Yeah, I think there are three issues that would all be good to fix:

(1) the fwprop regression
(2) the unhelpful pre-RA move
(3) the RA handling of what it sees now

I had a look last year to see where (1) was coming from, and it turned
out to be bad bookkeeping during a recursive walk.  I've got a couple of
competing ideas for how to fix it, but I've not had time to work on it
since then, sorry.

> Peephole2 should be used to clean after reload only in rare cases when
> target ISA prevents generic solution. From your description, a generic
> solution would benefit all targets with destructive subtraction (or
> perhaps also for other noncommutative operations).

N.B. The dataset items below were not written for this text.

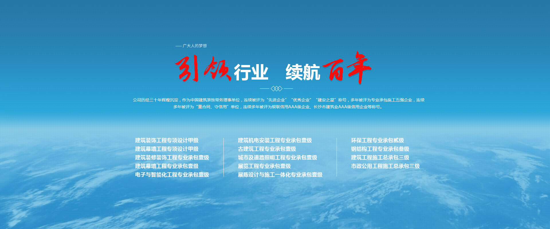 长沙�q�大建筑装饰有限公司是一家以建筑装饰、幕墙、工�E�设计、亮化、机��c��智能化、园林等��Z����g�业,家装、��业生产、徏材销售�ؓ辅的大型�l�合企业�?/p>
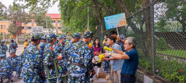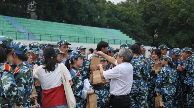 学院党委书记黄睿,主持工作副院长兼副书记聂振华,办公室主任王波等领导多次走进训练场,关怀慰问学生训练情况。训练开始第一天,黄睿就在军训场上亲切关心同学们的环境适应情况,勉励同学们认真参加训练,树立纪律精神,强健体魄,展现出力学与建筑工程学院学子们坚韧不拔、吃苦耐劳的精神风貌。接近训练尾声,学院还为军训、新训新生们准备了解暑饮品。9月16日下午开训前,黄睿、王波来到苏州苑篮球场,一一为同学们分发饮品,嘱咐同学们注意防暑消暑,补充饮水,适当休息,继续坚持训练,以最佳状态迎接即将到来的训练汇演。
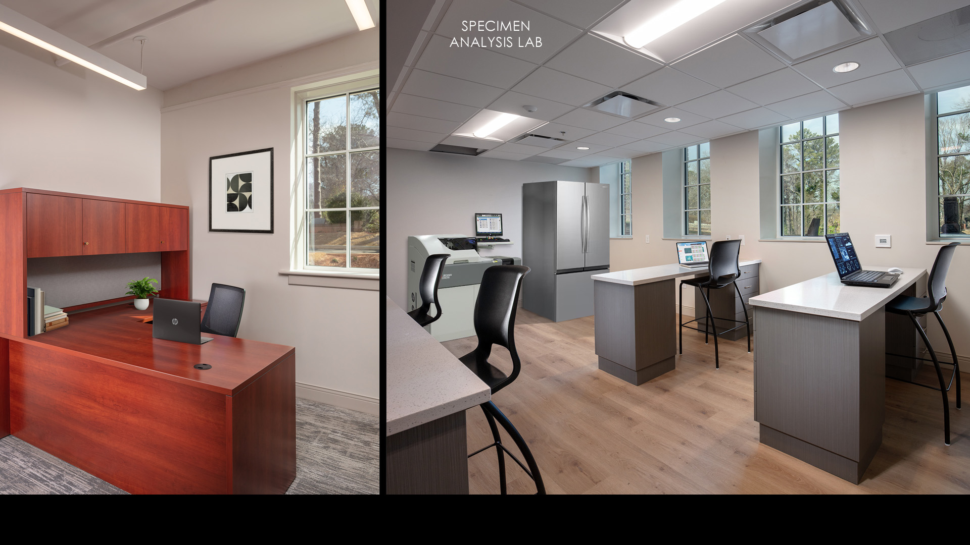 This design creates a new welcoming entrance with accessibility to better support this new public function. The new glass pavilion addition serves as both a functional connector and an architectural feature, improving vertical circulation, opening the interior to natural light, and reinforcing the building’s new identity.
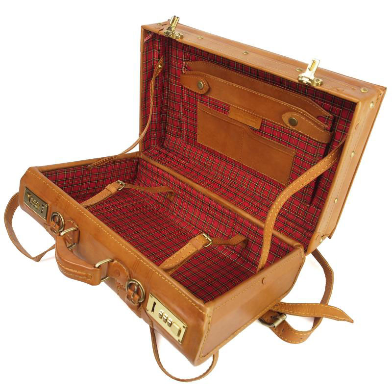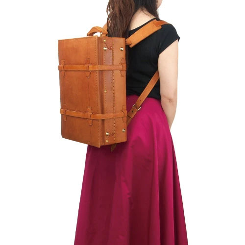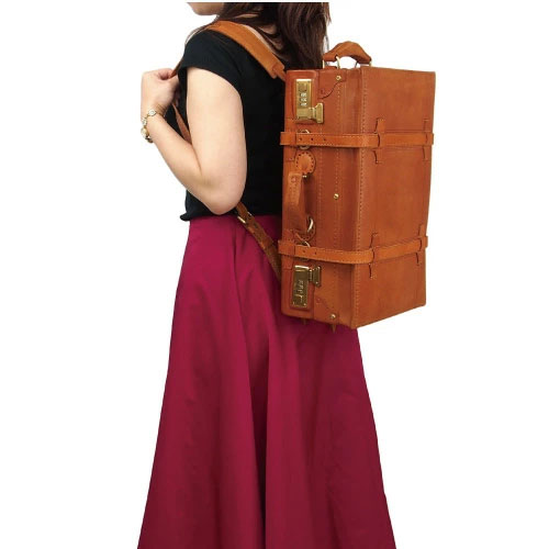 トランクケースには珍しく背負ってリュックにもなるショルダーベルトも付属しており、手持ちにもリュック型にもなる仕様で両方使えて便利な造り。使いやすく手造りの良さを感じながら、長く愛用して頂ける逸品です。
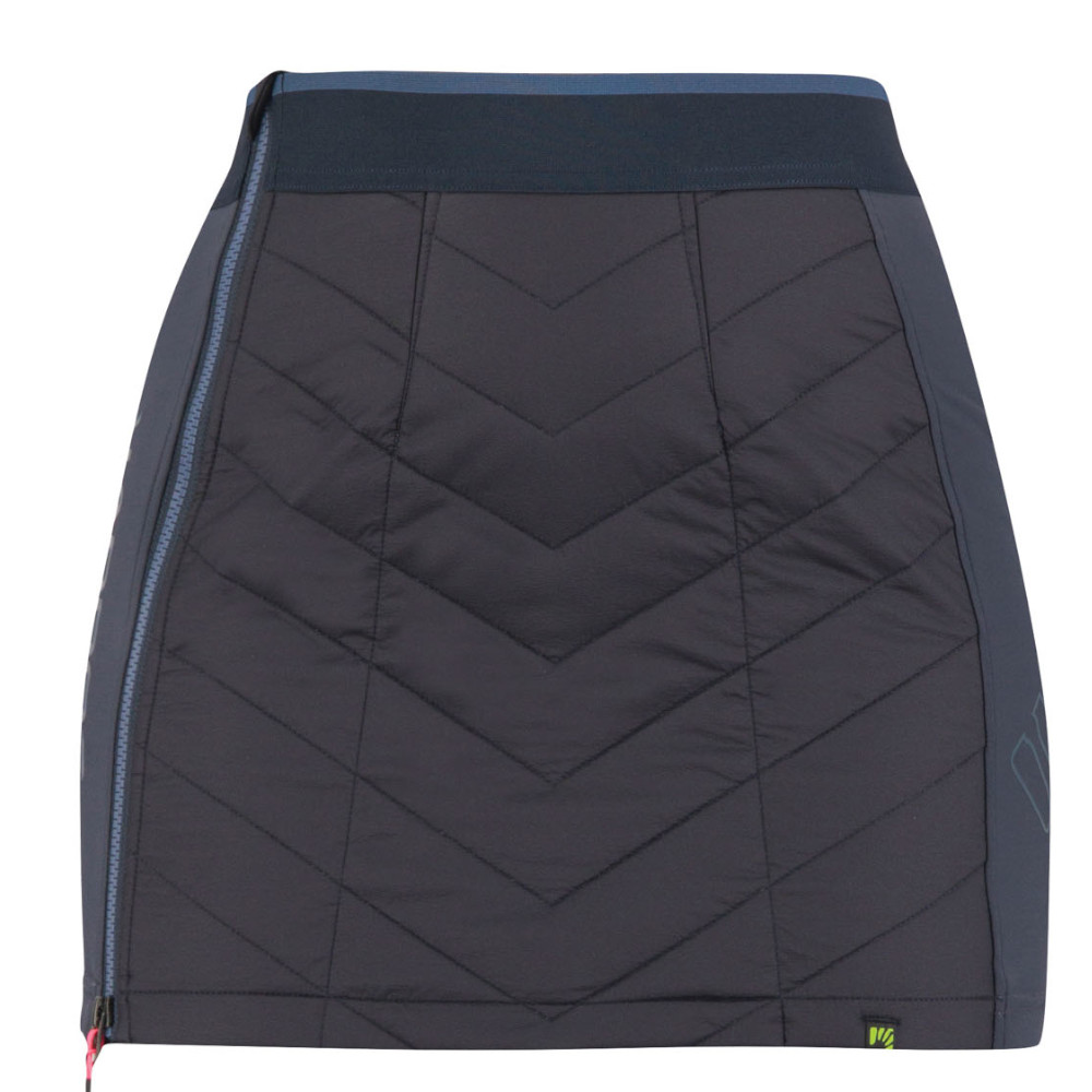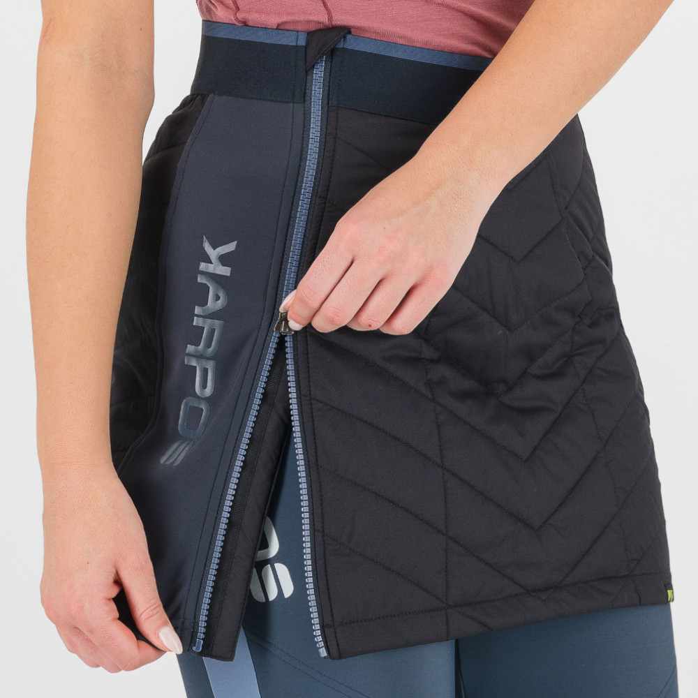 Zimná outdoorová sukňa Karpos Alagna Plus predstavuje ľahkú, hrejivú a nreprefúkavú, vrchnú vrstvu na skialp a športovanie vo veľmi chladnom počasí. Charakterizuje ju jedinečný dizajn, funkčné materiály a bočný zips uľahčujúci obliekanie/vyzliekanie. Pre väčší komfort a slobodu v pohybe je táto prešívaná sukňa vybavená širokým elastickým lemom v páse a priedušnými a pružnými časťami na bokoch.

Yeah, agree that peepholes aren't the best fit here.  The problem could
occur with instructions that are too far apart to be peepholed.

Thanks,
Richard

> So, please coordinate with Richard S regarding this issue.
>
> Thanks,
> Uros.
>
>>
>>
>> 2023-01-09  Roger Sayle  <roger@nextmovesoftware.com>
>>
>> gcc/ChangeLog
>>         PR rtl-optimization/107991
>>         * config/i386/i386.md (peephole2): New peephole2 to avoid register
>>         shuffling before a subtraction, after a register-to-register move.
>>
>> gcc/testsuite/ChangeLog
>>         PR rtl-optimization/107991
>>         * gcc.target/i386/pr107991.c: New test case.
>>
>>
>> Thanks in advance,
>> Roger
>> --
>>
  
Roger Sayle Jan. 10, 2023, 3:01 p.m. UTC | #3
Hi Richard and Uros,
I believe I've managed to reduce a minimal test case that exhibits the
underlying
problem with reload.   The following snippet when compiled on x86-64 with
-O2:

void ext(int x);
void foo(int x, int y) { ext(y - x); }

produces the following 5 instructions prior to reload:
insn 13: r86:SI=di:SI				// REG_DEAD di:SI
insn 14: r87:SI=si:SI				// REG_READ si:SI
insn 7: {r85:SI=r87:SI-r86:SI;clobber flags:CC;}	// REG_DEAD r86:SI,
r87:SI
insn 8: di:SI=r85:SI				// REG_READ r85:SI
insn 9: call [`ext'] argc:0

Hence there are three pseudos (allocnos) to be register allocated; r85, r86
& r87.

Currently, reload produces the following assignments/colouring using 3 hard
regs.
r85 in di
r86 in ax
r87 in si

A better (optimal) register allocation requires only 2 hard regs.
r85 in di
r86 in si
r87 in di

Fortunately, this over-allocation is cleaned up later (during
cprop_hardreg), but
as pointed out by Uros, there's little benefit in reducing register pressure
this
late (after peephole2).

As far as I understand it, Richard's patch to handle fully-tied destinations
looks
very reasonable (and is impressively tested/benchmarked):
https://gcc.gnu.org/pipermail/gcc-patches/2019-September/530743.html
but in the prototypical 0:"=r", 1:"0", 2:"r" constraint case, as used in the
problematic subsi3_1 pattern (of insn 7), I'm trying to figure out why r85
and r87 don't get allocated to the same register [given the local spilling
of non-eliminable hard regs in insn 7, temporarily introducing a new pseudo
r89].

In closing, reload is a complex piece of code that's shared between a large
number of backends; if Richard's patch is a win "statistically", then it's
not unreasonable to use a peephole2 to clean-up/catch the corner cases
on class_likely_spilled_p targets [indeed many of the peephole2s in i386.md
tidy up register allocation issues], and such a "specialized" fix is more
suitable
for stage 3, than a potentially disruptive tweak to reload.  At worst, the
peephole2 becomes dead if/when the problem is fixed upstream.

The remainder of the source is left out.